DATA LISTING: Begin

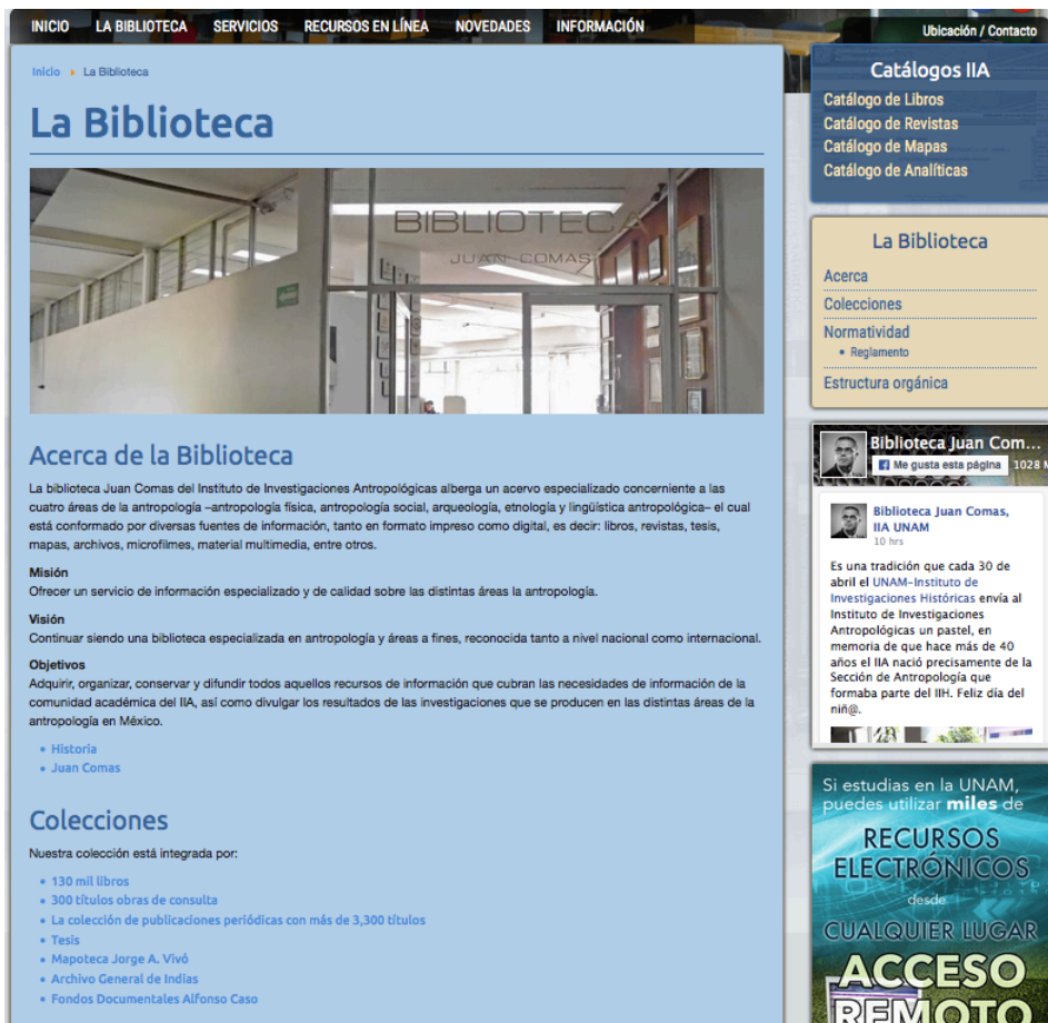
Figura 3. Acerca de la biblioteca

La segunda sección de la página involucra la presentación de la biblioteca y parte de su historia, así como el acceso a la descripción de sus principales colecciones. Cabe destacar que no importa en qué sección de la página se esté navegando, siempre está presente el acceso a los catálogos de la biblioteca.
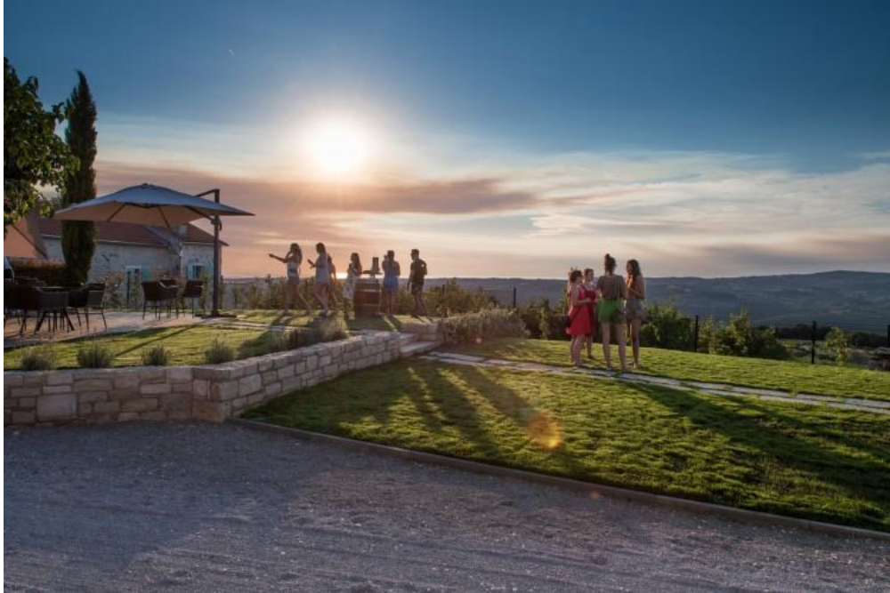
Slika 4. Vinarija Rossi
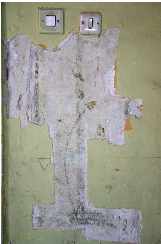
Ryc. 29. Drugie piętro, pomieszczenie nr 321, ściana wschodnia. Fragment dekoracji z motywem roślinnym

nakryte płaskimi sufitami. W pierwszym etapie przebadano sufity, nie znaleziono na nich historycznych warstw przewidzianych do konserwacji i ewentualnej ekspozycji 54 . W drugim etapie wykonano sondy stratygraficzne na wszystkich ścianach wyżej wymienionych pomieszczeń 55 . Na ścianach przebadanych pomieszczeń nie stwierdzono występowania dekoracyjnych warstw malarskich. Nie znaleziono historycznych warstw przewidzianych do konserwacji czy ewentualnej ekspozycji.
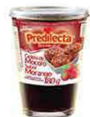
4986 GELEIA DE MOCOTÓ PREDILECTA MORANGO COPO | 1X180GR 7896292305496
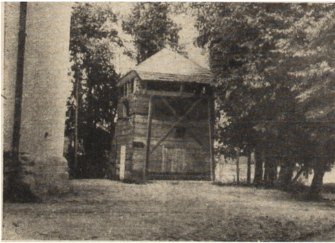
Ryc. 304. Bychawa, pow. lubelski — dzwonnica przy kościele par. przed rozpoczęciem robót. Stan z r. 1951.
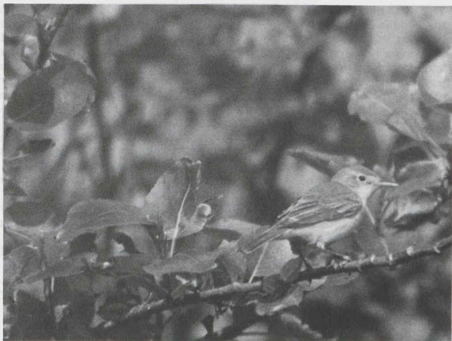
13 Orpheusspotvogel Hippolais polyglotta , De Maasvlakte, Zuidholland, mei 1982.

SCHARRINGA, C J G & OSIECK, E R 1981ab Zeldzame vogels in Nederland in 1979 & 1980. Limosa 54: 17-28; 127-136.
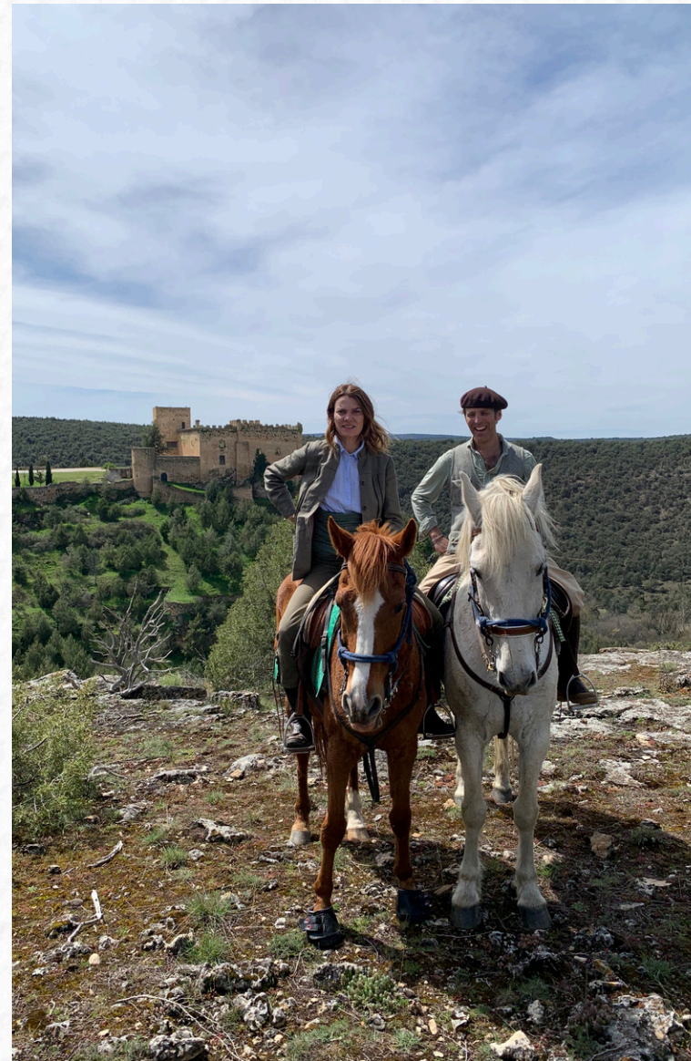
Castillo de Pedraza
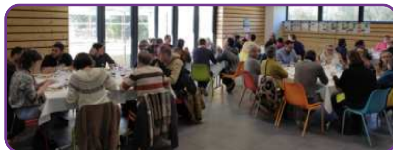
Assemblée générale du GABB18 - mars 2023
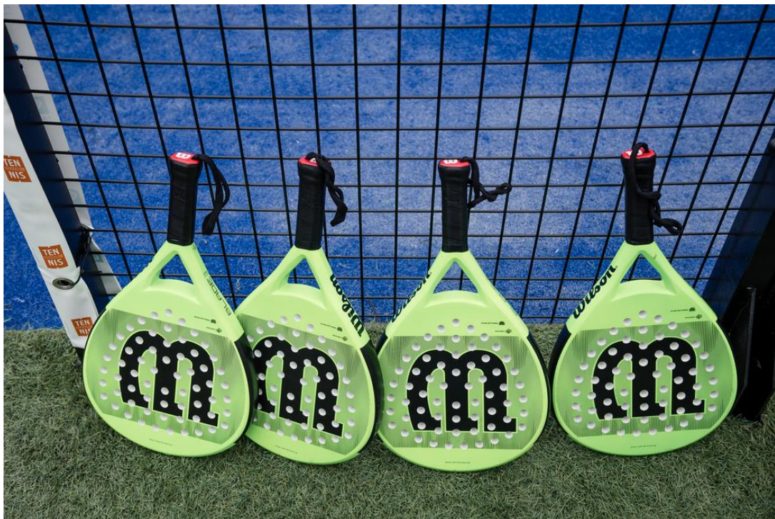
Photo téléchargeable libre de droits

Le décompte des points est le même qu'au tennis : il faut 6 jeux pour gagner un set et 2 sets pour remporter la partie. Le service se joue à la cuillère , avec deux tentatives et, s'il n'y a droit qu'à un rebond de la balle au sol lors de l'échange, il est possible de frapper celle-ci après un rebond sur n'importe quelle autre surface.
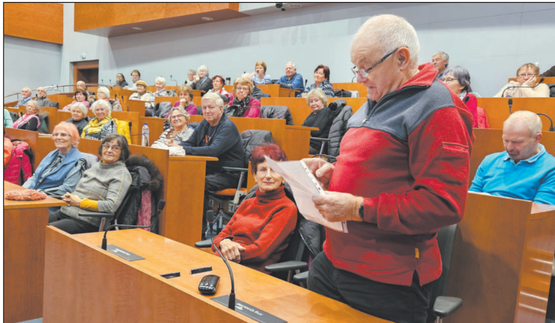
NA AKCÍCH spolku Nebojte se policie je vždy plno a také zábava. Třeba když jeden z přítomných napsal a přednesl svou vlastní báseň.
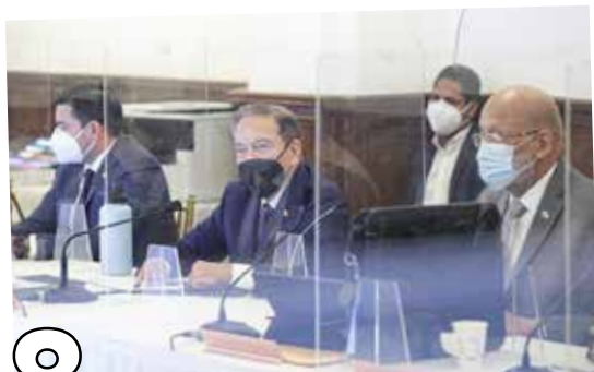
8 COMISIÓN DE ALTO NIVEL

DATA LISTING: End

WORK REQUIRED: In your answer, print the entries above exactly, with the pictures left out.

EXERCISE ANSWER:
Figura 3. Acerca de la biblioteca

La segunda sección de la página involucra la presentación de la biblioteca y parte de su historia, así como el acceso a la descripción de sus principales colecciones. Cabe destacar que no importa en qué sección de la página se esté navegando, siempre está presente el acceso a los catálogos de la biblioteca.
Slika 4. Vinarija Rossi
Ryc. 29. Drugie piętro, pomieszczenie nr 321, ściana wschodnia. Fragment dekoracji z motywem roślinnym

nakryte płaskimi sufitami. W pierwszym etapie przebadano sufity, nie znaleziono na nich historycznych warstw przewidzianych do konserwacji i ewentualnej ekspozycji 54 . W drugim etapie wykonano sondy stratygraficzne na wszystkich ścianach wyżej wymienionych pomieszczeń 55 . Na ścianach przebadanych pomieszczeń nie stwierdzono występowania dekoracyjnych warstw malarskich. Nie znaleziono historycznych warstw przewidzianych do konserwacji czy ewentualnej ekspozycji.
4986 GELEIA DE MOCOTÓ PREDILECTA MORANGO COPO | 1X180GR 7896292305496
Ryc. 304. Bychawa, pow. lubelski — dzwonnica przy kościele par. przed rozpoczęciem robót. Stan z r. 1951.
13 Orpheusspotvogel Hippolais polyglotta , De Maasvlakte, Zuidholland, mei 1982.

SCHARRINGA, C J G & OSIECK, E R 1981ab Zeldzame vogels in Nederland in 1979 & 1980. Limosa 54: 17-28; 127-136.
Castillo de Pedraza
Assemblée générale du GABB18 - mars 2023
Photo téléchargeable libre de droits

Le décompte des points est le même qu'au tennis : il faut 6 jeux pour gagner un set et 2 sets pour remporter la partie. Le service se joue à la cuillère , avec deux tentatives et, s'il n'y a droit qu'à un rebond de la balle au sol lors de l'échange, il est possible de frapper celle-ci après un rebond sur n'importe quelle autre surface.
NA AKCÍCH spolku Nebojte se policie je vždy plno a také zábava. Třeba když jeden z přítomných napsal a přednesl svou vlastní báseň.
8 COMISIÓN DE ALTO NIVEL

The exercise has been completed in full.